Required work:
Pictures are to be dropped, and only the lines from the one containing "YX новые тонкие" through the end of the data below are to be reproduced as written.

Data section:
+++++
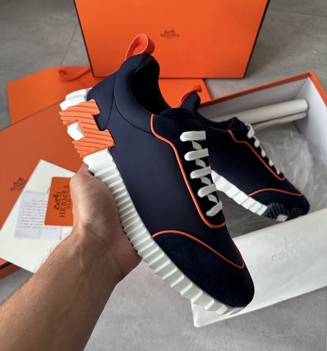 Hermès Bouncing Sneakers Blue Orange Lines
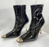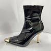 YX новые тонкие сапоги квадратный носок тонкий каблук боковая молния лакированная кожа но до колена женские железный носок высокий каблук короткие сапоги высокие сапоги — купить товар онлайн с бесплатной доставкой по всему миру!
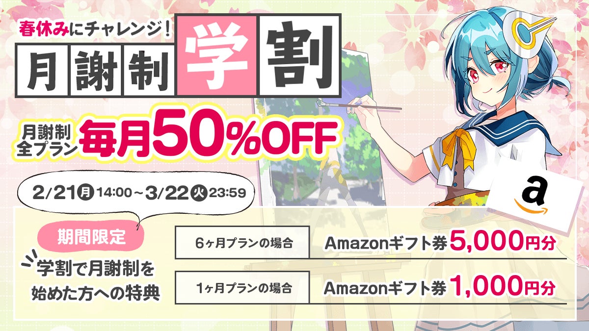 【期間限定】初月受講料が35%OFF!『春割』&学生限定!Amazonギフト券最大5,000円プレゼント!『学生応援キャンペーン』開催中!
+++++
Output of the task:
 YX новые тонкие сапоги квадратный носок тонкий каблук боковая молния лакированная кожа но до колена женские железный носок высокий каблук короткие сапоги высокие сапоги — купить товар онлайн с бесплатной доставкой по всему миру!
 【期間限定】初月受講料が35%OFF!『春割』&学生限定!Amazonギフト券最大5,000円プレゼント!『学生応援キャンペーン』開催中!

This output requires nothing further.